B1.1.2 – CARBOHYDRATES: STRUCTURE, FUNCTIONS & VARIETY
📌Definition Table
| Term | Definition |
|---|---|
| Monosaccharide | Single sugar unit with general formula CₙH₂ₙOₙ (e.g., glucose, ribose). |
| Disaccharide | Sugar composed of two monosaccharides joined by a glycosidic bond. |
| Polysaccharide | Large carbohydrate polymer of monosaccharide units linked by glycosidic bonds. |
| Glycosidic Bond | Covalent bond between two monosaccharides formed in a condensation reaction. |
| Isomer | Molecules with the same chemical formula but different structural arrangements. |
| Glycoprotein | Protein with carbohydrate chains attached, often involved in cell recognition. |
📌Introduction
Carbohydrates are organic molecules made of carbon, hydrogen, and oxygen in a 1:2:1 ratio. They range from small, soluble monosaccharides to large, insoluble polysaccharides. Carbohydrates serve as energy sources, structural components, and recognition molecules in cells. Variations in structure, such as α- and β-glucose, lead to diverse biological functions.
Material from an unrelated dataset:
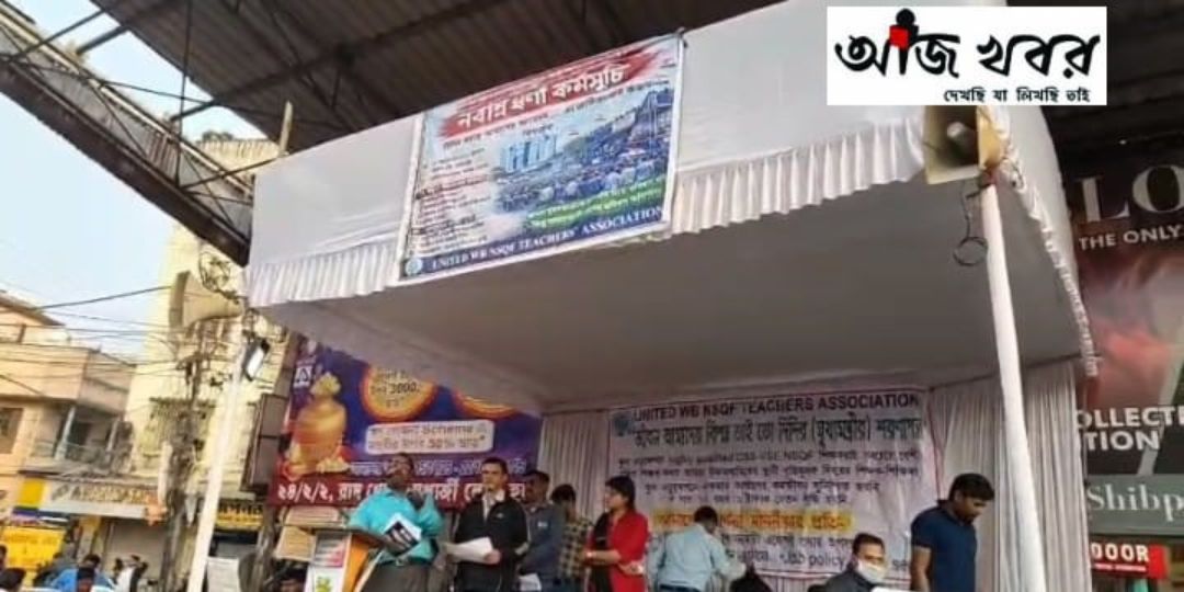আজ খবর (বাংলা) (রাজ্য), হাওড়া, পশ্চিমবঙ্গ, ২১/০১/২০২৬ : ইউনাইটেড ওয়েস্ট বেঙ্গল এনএসকিউএফ টিচার্স এসোসিয়েশনের ডাকে নবান্নের সামনে ধরনা। আজ সকাল থেকে কড়া পুলিশি নিরাপত্তার মধ্যে মন্দিরতলা বাস স্ট্যান্ডে ধর্না এবং বিক্ষোভ প্রদর্শন করেন কারিগরি শিক্ষা বিষয়ে শিক্ষকরা।

❤️ CAS Link: Conduct a nutrition awareness project teaching communities how to interpret carbohydrate content on food labels and its link to energy needs.
📌 Monosaccharides
- Basic building blocks of carbohydrates.
- Common examples: glucose, galactose, fructose, ribose.
- α-glucose and β-glucose differ in orientation of hydroxyl group on C1 — critical for polysaccharide structure.
- Highly soluble in water, making them easy for transport in the bloodstream or sap.
- Serve as immediate energy sources in cellular respiration.
- Ribose is a key component of RNA and ATP.
🧠 Examiner Tip: In structural questions, always draw α- and β-glucose accurately — hydroxyl group position on C1 must be correct for marks.
📌 Disaccharides
- Formed by condensation of two monosaccharides.
- Examples:
- Maltose = glucose + glucose
- Sucrose = glucose + fructose
- Lactose = glucose + galactose
- Glycosidic bonds (α-1,4 or β-1,4) determine digestibility and function.
- Soluble but less so than monosaccharides.
- Transport form of sugar in some organisms (e.g., sucrose in plants).
🌍 Real-World Connection: Lactose intolerance is caused by lack of lactase enzyme, leading to gastrointestinal symptoms when lactose remains undigested.
📌 Polysaccharides
- Long chains of monosaccharides linked by glycosidic bonds.
- Starch: Plant energy store — amylose (unbranched helix) and amylopectin (branched).
- Glycogen: Animal energy store, highly branched for rapid glucose release.
- Cellulose: Structural polysaccharide in plant cell walls; β-glucose with alternating orientation for hydrogen bonding.
- Insoluble, making them good for storage or structure.
- Different branching patterns affect digestibility and function.
🌐 EE Focus: An EE could compare enzyme activity on α-linked vs β-linked polysaccharides, exploring implications for digestibility.
📌 Glycoproteins and Recognition
- Carbohydrate chains attached to proteins on cell membranes.
- Play roles in cell recognition, immune responses, and signalling.
- Determine blood types (A, B, AB, O) through surface antigens.
- Pathogens may mimic host glycoproteins to evade immunity.
- Essential in cell–cell adhesion and communication.
- Often involved in receptor–ligand interactions.
🔍 TOK Perspective: How does our classification of carbohydrates by structure reflect human-created categories rather than natural boundaries?